On December 7, 2024, just one day before the fall of al-Assad’s regime, the so-called “Secret Economic Council” inside the palace was operating actively, collecting financial levies from traders and businesspeople.

Palace Committee

The secret council was known as the “Palace Committee,” run by Asma al-Akhras, Bashar al-Assad’s wife, and staffed by a number of businesspeople.

She was assisted by Yasar Hussein Ibrahim, the palace’s financial director at the time, and Fares Nazim Class, secretary-general of the “Syrian Development Trust,” which Asma had launched in 2001.

The Palace Committee comprised several offices: the advisory office, the revenue office, the budget office, the strategies and studies office, the “Central Bank of Syria” office, the tax office, and the “security office.”

After al-Assad’s fall, some traders and businesspeople began to reveal the inner workings of the Palace Committee, and testimonies showed it was linked to multiple security branches.

Each security branch maintained a dedicated office whose sole purpose was to extort traders and businessmen, collecting levies under threat, with refusal often leading to imprisonment.

In an interview with Syria TV on January 29, 2025, Syrian industrialist Haitham Abo Shaar recounted the extortion carried out by the deposed al-Assad regime against traders.

He revealed that a Syrian trader seeking to import televisions for sale across the provinces was ordered by one security branch to pay $400,000 in levies set by the Republican Palace.

The trader refused, leading to his arrest in June 2024, a fabricated charge, and a seven-year prison sentence.

Abo Shaar noted that the unnamed trader was freed by rebels during the country’s liberation on December 8, 2024, after spending seven months in detention.

Syrian trader Anas Ajouri from Aleppo also spoke about the Palace Committee, stating that “its primary task was collecting funds to cover the war budget under the leadership of al-Assad family.”

Financial Extortion

In a podcast broadcast on August 8, 2025, Anas Ajouri shared testimony on the extortion of traders in Syria.

He said that the al-Khatib branch in Damascus, which was part of the General Intelligence Directorate, summoned traders and businessmen from across Syria and detained them for two weeks.

The detained trader was then handed over to a team from the Palace Committee, where they were questioned about the nature of their business, how they imported goods, and how they handled money.

Ajouri noted that during the rule of the deposed al-Assad, particularly after the revolution, laws were passed prohibiting transactions in U.S. dollars for prisoners who violated regulations.

“After negotiations with traders inside the security branch, they allowed the detainee to contact his family to pay a sum of money for his release,” Ajouri added.

According to Ajouri, the payment was deposited on behalf of the Palace Committee’s representative at the Central Bank of Syria.

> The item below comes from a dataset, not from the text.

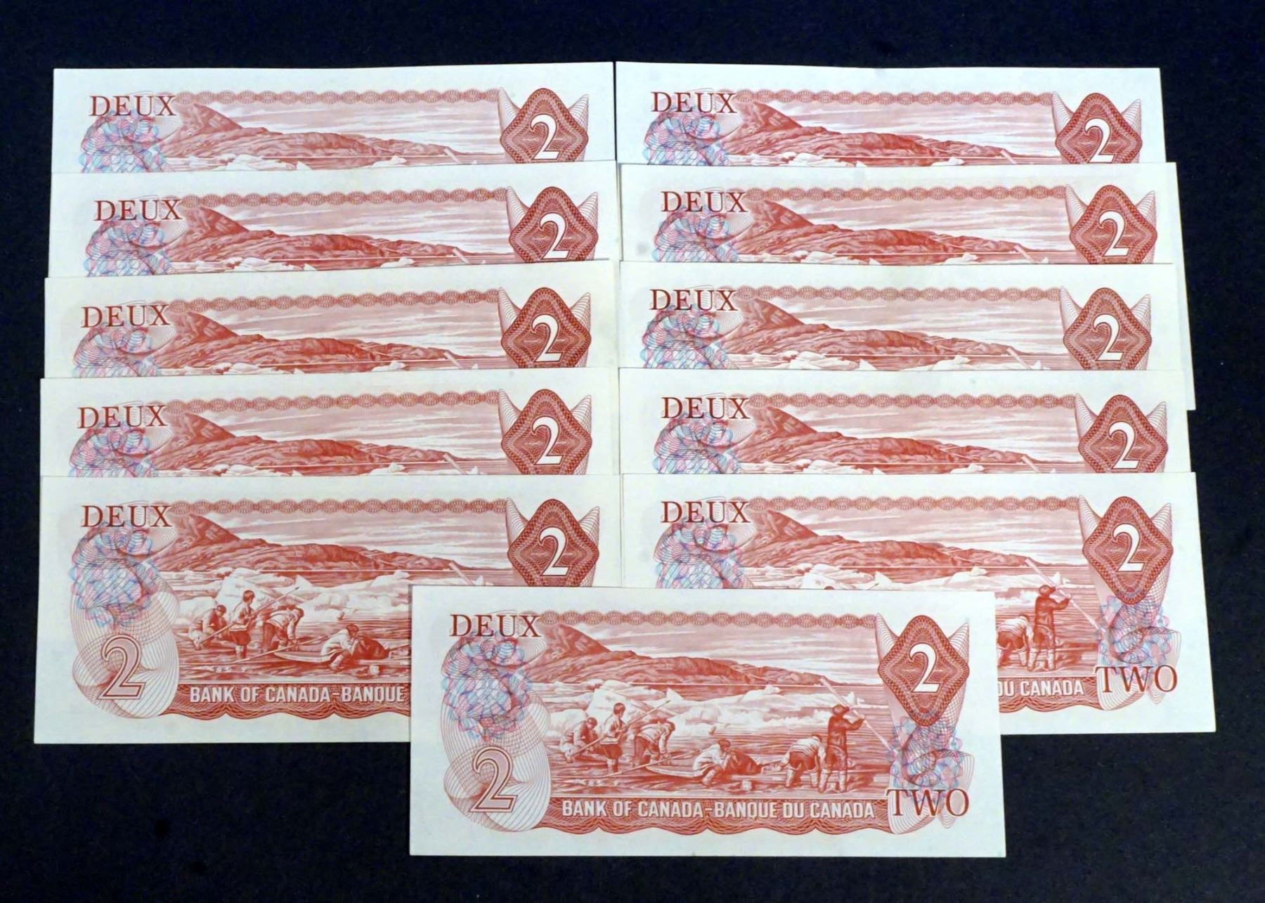 BANK OF CANADA 1974 $2.00, Lot of 11 Banknotes, BC-47d. GUnc

Many traders fled Syria during al-Assad’s rule when they learned that their colleagues were being arrested by intelligence agencies, he said.

“The amounts collected in U.S. dollars varied depending on a trader’s market weight and financial standing,” Ajouri said.

Before arresting any trader or businessman, the Palace Committee conducted a comprehensive assessment of their assets to determine the amount of the levy, he explained.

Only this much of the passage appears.